Milk antibodies would probably not be used to help develop vaccines. Antibodies from the blood of recovered patients is already being used to treat COVID-19. The next step is to compare the effectiveness of antibodies in milk to those found in blood, because they are quite different. Milk contains much higher levels of sIgA than plasma, and sIgA is especially helpful at protecting the lungs. So, it is possible that milk antibodies might be even more effective in treating COVID-19 than antibodies from plasma.

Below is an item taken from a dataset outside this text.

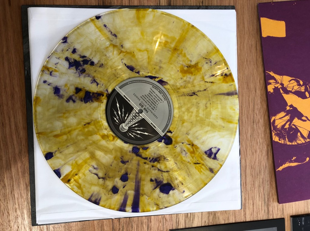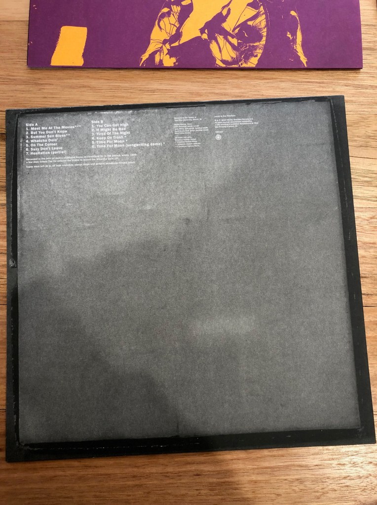 The package includes a 10″x8″ photo book, 7″ Alternative takes, Watcha Doin’ Lp (orange coloured vinyl) and the Attic Demos LP (yellow/purple coloured vinyl)

Also, milk contains way more antibodies than blood by volume, so we could potentially treat more people with fewer donations.

The next step is to get a larger sample to make sure the types of antibodies we observed in our first 15 donor moms are present in most women. Dr. Powell also plans to test how well milk antibodies fight COVID-19 in cells and to try to distill milk antibodies to use them as a treatment. At UC Merced, we hope to do epidemiological work to determine how factors such as demographics, stress and depression predict milk antibodies. This work will help us answer basic questions about how mom’s environment and social world impact the immune cells in her milk. We know that other groups are also looking into whether COVID-19 can be transmitted through milk, as this is a potential risk of using human milk as a treatment.

If it bears out that the milk antibodies could become a treatment, how soon could it be in general use?

While there is good reason to be hopeful about breast milk as a coronavirus treatment for infants, we are many steps and funding dollars away from developing an effective therapy. But this could turn out to be really important for treating COVID-19 in the developing world, because people can easily get milk from recovered moms even if they don't have other treatments available

One real concern in using raw (unrefined) breast milk as a treatment is whether milk from recovered mothers might contain the active virus and actually worsen or cause infection. The science on this is being done and we should know soon how much of a transmission risk there is with breast milk. If the risk of infection is low, the good news is that it would not be that difficult to source milk from COVID-19-recovered donors through a strong, global recruitment campaign, especially given the ever-increasing number of infections worldwide. Because milk contains much higher levels of antibodies than plasma, we could also treat more infants with less milk than we could if we only rely on plasma donations. Using human milk antibodies as a treatment for adults is farther off because we still need to figure out how to refine the milk antibodies and we know much less about how well adults react to milk antibodies.